The right balance has to be found among opposition parties in Cyprus, the government and the Central Bank on the thorny issue of the foreclosures bill, according to analysts.
The parties which have voted in amendments to the island’s foreclosures bill that basically slow down the process now have only three days before taking face-saving decisions.
On Monday, parliament decided to postpone voting on the vetoing by President Nicos Anastasiades of the amended bill which was tabled some two weeks ago.
The vote is now set to take place on Friday with the parties saying they wanted to introduce additional safeguards for homeowners with mortgages they are unable to service.
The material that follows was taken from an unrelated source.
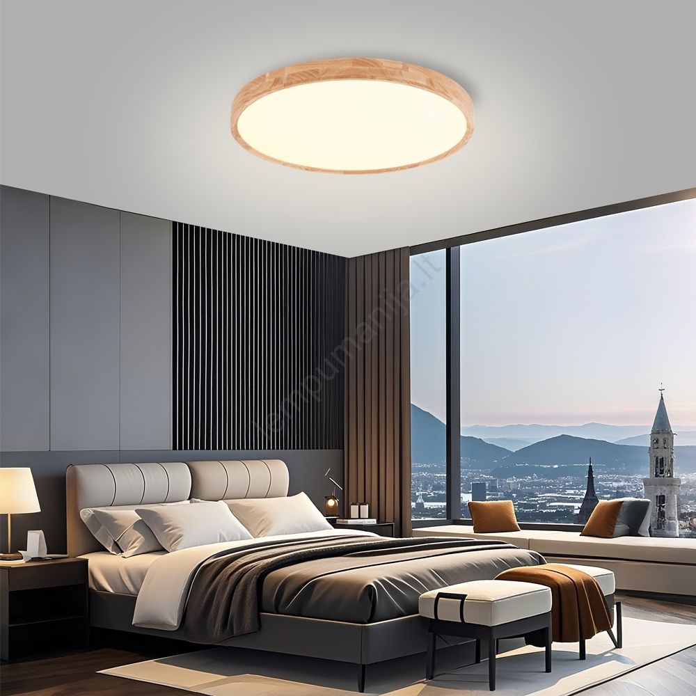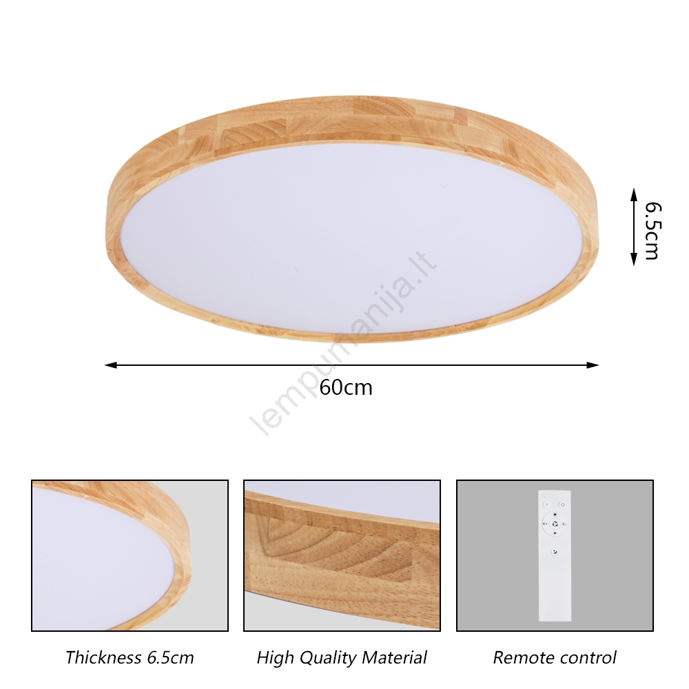• Brilagi - Dimeriuojamas LED lubų šviestuvas WOODROUND LED/40W/230V 3000-6000K skersmuo 60 cm mediena CRI 90 + nuotolinis valdymas

As well as to restore the negotiating balance between lenders and borrowers.
Behind the scene talks seem to be intense between the parties and officials of the finance ministry and of the Central Bank of Cyprus with all parties being aware of the negative repercussions on the economy this uncertainty brings.
The compromise solution seems to be in the proposal tabled by centre Diko which gives more power to the Financial Commissioner.
In the meantime, Central Bank Governor Constantinos Herodotou is meetings with all opposition parties – big and small – even though none seems willing to reveal its intentions before Friday.
An extraordinary meeting of the House Finance Committee is taking place today with the participation of the Attorney General, the Minister of Finance, the Central Bank Governor and the Financial Commissioner.
Last night, Diko leader Nicolas Papadopoulos told Phileleftheros that their proposal provides for a better borrower protection procedure that will not cause delays. And that the party realises that this is a compromise.